Data segment —

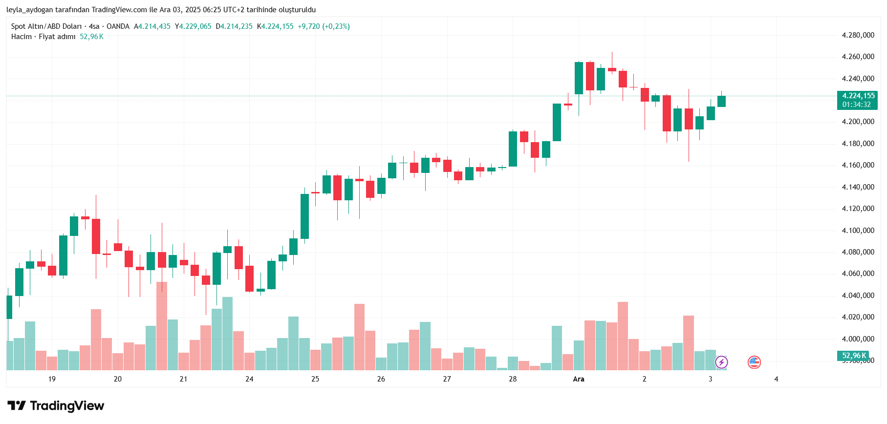 Haftanın üçüncü işlem gününe yükselişle başlayan ons altın kritik seviye olan 4 bin 200 doları geçti. Saat 07.25 itibarıyla 4 bin 223 dolarda hareketleniyor.
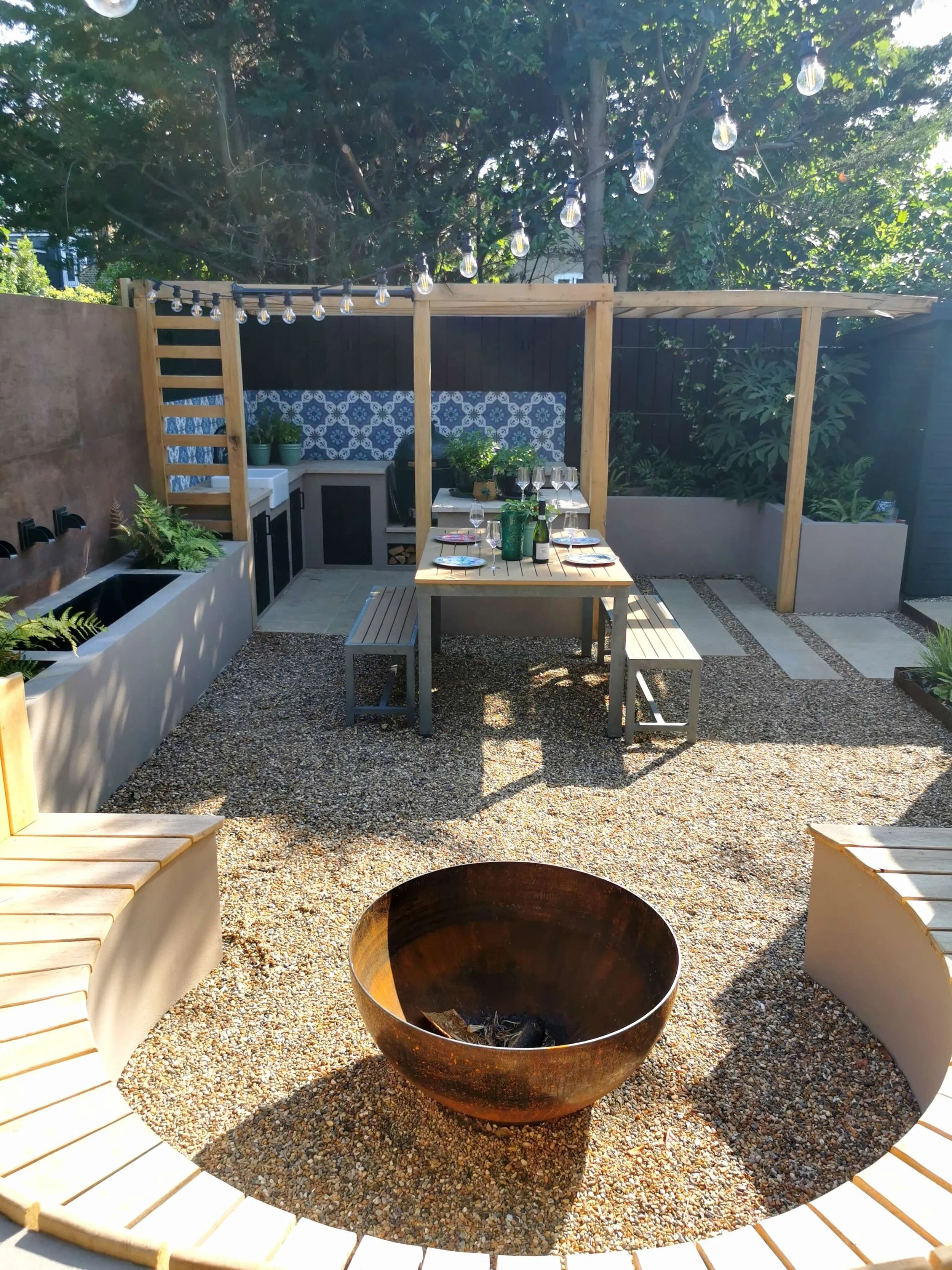 A raised deck leads down wide elegant steps framed on two sides with an abundance of planting. A curved path leads to a shaded seating nook set back from the path to punctuate the journey to the rear garden entertainment space. The sound of water gently bubbling next to the hammock zone. Beyond, the curved fire pit seating, dining and kitchen zone topped with twinkling lights.
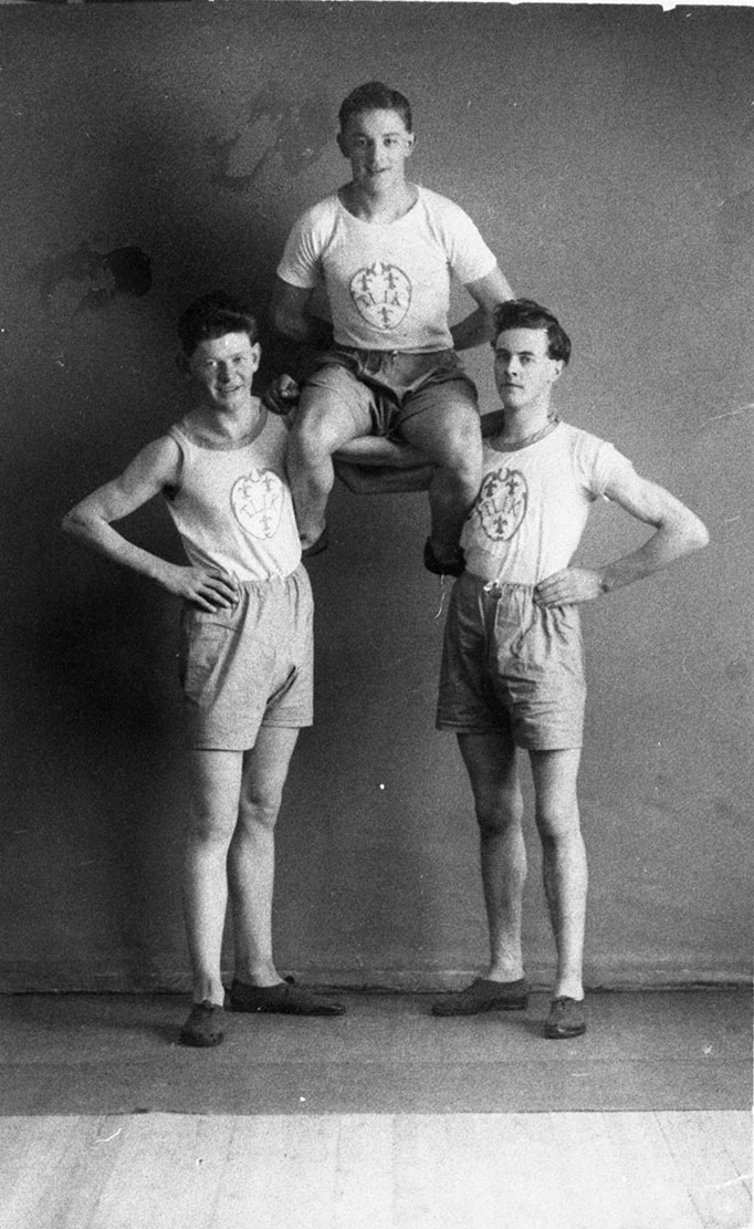 Tre idrottare i tröjor med logo T L I K (Tre Liljord Idrottsklubb). Två unga män håller upp en tredje som sitter på deras armar

What is required — Return to the listing above and set it down exactly, leaving out its pictures.

Answer for the task —
 Haftanın üçüncü işlem gününe yükselişle başlayan ons altın kritik seviye olan 4 bin 200 doları geçti. Saat 07.25 itibarıyla 4 bin 223 dolarda hareketleniyor.
 A raised deck leads down wide elegant steps framed on two sides with an abundance of planting. A curved path leads to a shaded seating nook set back from the path to punctuate the journey to the rear garden entertainment space. The sound of water gently bubbling next to the hammock zone. Beyond, the curved fire pit seating, dining and kitchen zone topped with twinkling lights.
 Tre idrottare i tröjor med logo T L I K (Tre Liljord Idrottsklubb). Två unga män håller upp en tredje som sitter på deras armar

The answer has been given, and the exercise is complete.